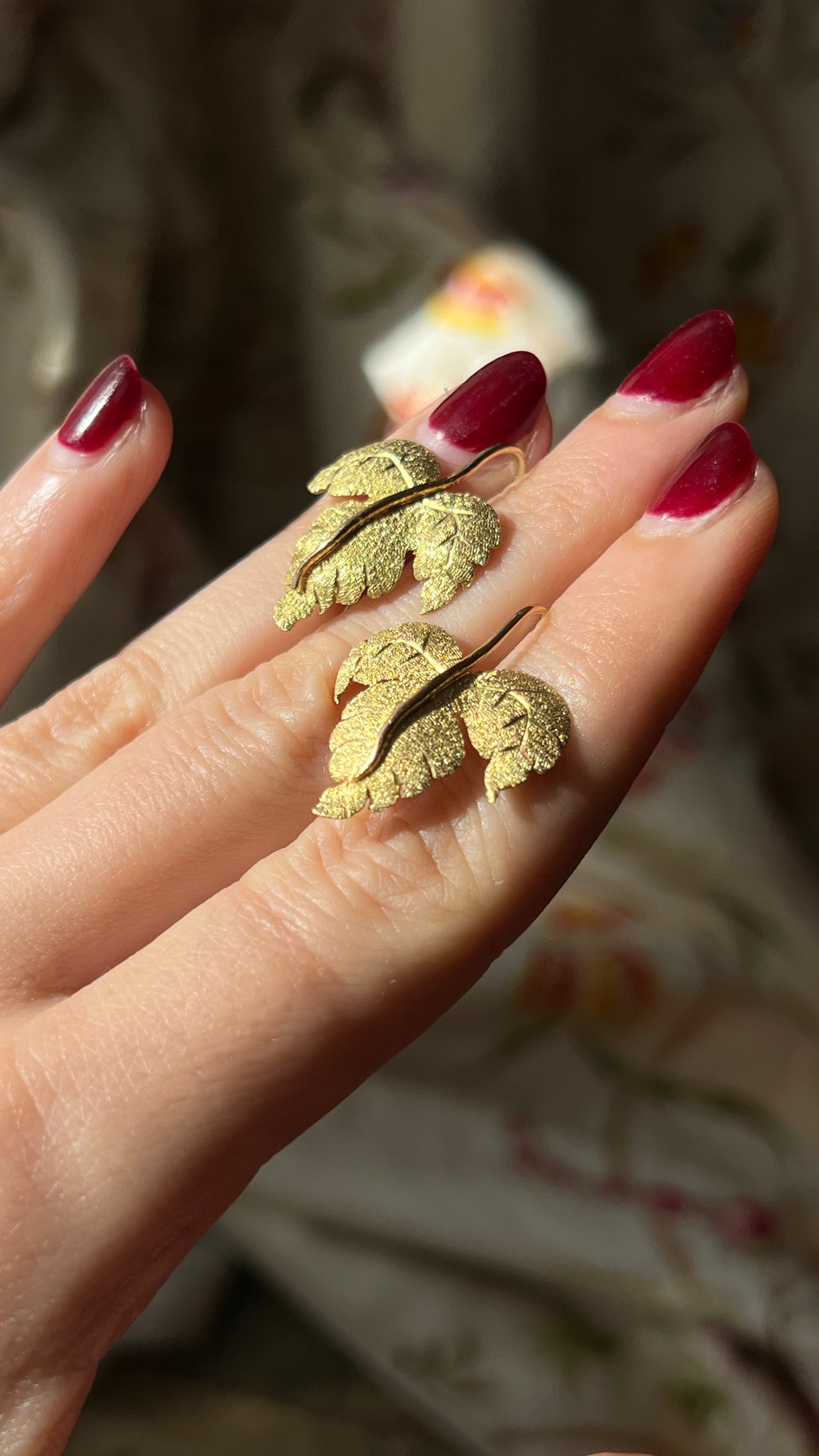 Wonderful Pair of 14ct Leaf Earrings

* * *

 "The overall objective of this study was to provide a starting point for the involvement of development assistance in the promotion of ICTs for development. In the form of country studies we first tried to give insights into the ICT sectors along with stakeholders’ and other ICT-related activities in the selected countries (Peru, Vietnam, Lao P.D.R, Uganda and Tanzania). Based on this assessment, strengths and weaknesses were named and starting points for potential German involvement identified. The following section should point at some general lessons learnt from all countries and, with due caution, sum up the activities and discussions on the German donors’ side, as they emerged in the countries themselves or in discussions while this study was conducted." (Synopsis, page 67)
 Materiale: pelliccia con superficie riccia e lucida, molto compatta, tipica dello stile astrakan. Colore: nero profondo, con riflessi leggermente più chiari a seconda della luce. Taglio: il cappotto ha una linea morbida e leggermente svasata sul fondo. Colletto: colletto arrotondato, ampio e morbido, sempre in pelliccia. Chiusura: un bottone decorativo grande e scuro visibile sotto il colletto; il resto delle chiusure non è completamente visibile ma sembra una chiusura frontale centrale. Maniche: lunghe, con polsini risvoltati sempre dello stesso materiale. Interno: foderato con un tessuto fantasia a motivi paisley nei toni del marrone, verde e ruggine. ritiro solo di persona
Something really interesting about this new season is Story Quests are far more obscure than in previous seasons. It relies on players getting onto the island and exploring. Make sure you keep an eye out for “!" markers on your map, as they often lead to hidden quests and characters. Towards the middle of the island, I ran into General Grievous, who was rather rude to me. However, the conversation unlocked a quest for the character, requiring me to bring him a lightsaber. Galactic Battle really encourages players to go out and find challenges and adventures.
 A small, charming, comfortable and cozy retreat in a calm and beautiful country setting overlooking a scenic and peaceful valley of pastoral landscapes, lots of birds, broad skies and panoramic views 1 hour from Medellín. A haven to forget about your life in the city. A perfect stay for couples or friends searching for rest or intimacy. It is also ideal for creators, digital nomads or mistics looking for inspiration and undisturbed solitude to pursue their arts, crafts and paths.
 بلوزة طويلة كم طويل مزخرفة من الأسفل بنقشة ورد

--

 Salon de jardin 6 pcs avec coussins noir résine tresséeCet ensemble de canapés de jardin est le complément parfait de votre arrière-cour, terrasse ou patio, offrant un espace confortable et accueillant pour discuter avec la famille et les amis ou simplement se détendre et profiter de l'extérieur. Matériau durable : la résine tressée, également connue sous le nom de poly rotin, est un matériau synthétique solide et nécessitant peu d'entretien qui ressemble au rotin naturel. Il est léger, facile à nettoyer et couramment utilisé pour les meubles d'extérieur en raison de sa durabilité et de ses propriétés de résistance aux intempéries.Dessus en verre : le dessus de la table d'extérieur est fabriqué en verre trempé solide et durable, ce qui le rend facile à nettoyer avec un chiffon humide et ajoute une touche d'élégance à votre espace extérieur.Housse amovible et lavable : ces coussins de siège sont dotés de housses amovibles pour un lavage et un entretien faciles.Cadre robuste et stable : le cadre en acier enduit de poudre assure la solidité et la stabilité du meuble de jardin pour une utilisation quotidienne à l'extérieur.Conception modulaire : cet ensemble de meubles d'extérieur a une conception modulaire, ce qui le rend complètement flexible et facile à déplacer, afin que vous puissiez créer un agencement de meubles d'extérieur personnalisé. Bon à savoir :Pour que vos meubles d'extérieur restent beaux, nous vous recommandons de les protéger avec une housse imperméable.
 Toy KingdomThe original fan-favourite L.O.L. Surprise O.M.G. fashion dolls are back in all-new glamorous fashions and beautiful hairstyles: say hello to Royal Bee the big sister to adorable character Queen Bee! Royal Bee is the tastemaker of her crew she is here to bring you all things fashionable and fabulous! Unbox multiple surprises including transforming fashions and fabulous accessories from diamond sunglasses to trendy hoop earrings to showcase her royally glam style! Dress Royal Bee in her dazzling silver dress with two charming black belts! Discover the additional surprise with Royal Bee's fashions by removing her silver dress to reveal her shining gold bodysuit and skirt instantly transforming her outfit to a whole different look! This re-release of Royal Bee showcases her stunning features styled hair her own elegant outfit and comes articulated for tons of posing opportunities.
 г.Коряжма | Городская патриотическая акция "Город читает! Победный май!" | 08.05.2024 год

- _EXERCISE DETAILS_:
Copy only this part of the entries above: the line with "(Synopsis, page 67)", the line with "Something really interesting", and the lines between, all exactly as written.

- _SOLVED EXERCISE_:
 "The overall objective of this study was to provide a starting point for the involvement of development assistance in the promotion of ICTs for development. In the form of country studies we first tried to give insights into the ICT sectors along with stakeholders’ and other ICT-related activities in the selected countries (Peru, Vietnam, Lao P.D.R, Uganda and Tanzania). Based on this assessment, strengths and weaknesses were named and starting points for potential German involvement identified. The following section should point at some general lessons learnt from all countries and, with due caution, sum up the activities and discussions on the German donors’ side, as they emerged in the countries themselves or in discussions while this study was conducted." (Synopsis, page 67)
 Materiale: pelliccia con superficie riccia e lucida, molto compatta, tipica dello stile astrakan. Colore: nero profondo, con riflessi leggermente più chiari a seconda della luce. Taglio: il cappotto ha una linea morbida e leggermente svasata sul fondo. Colletto: colletto arrotondato, ampio e morbido, sempre in pelliccia. Chiusura: un bottone decorativo grande e scuro visibile sotto il colletto; il resto delle chiusure non è completamente visibile ma sembra una chiusura frontale centrale. Maniche: lunghe, con polsini risvoltati sempre dello stesso materiale. Interno: foderato con un tessuto fantasia a motivi paisley nei toni del marrone, verde e ruggine. ritiro solo di persona
Something really interesting about this new season is Story Quests are far more obscure than in previous seasons. It relies on players getting onto the island and exploring. Make sure you keep an eye out for “!" markers on your map, as they often lead to hidden quests and characters. Towards the middle of the island, I ran into General Grievous, who was rather rude to me. However, the conversation unlocked a quest for the character, requiring me to bring him a lightsaber. Galactic Battle really encourages players to go out and find challenges and adventures.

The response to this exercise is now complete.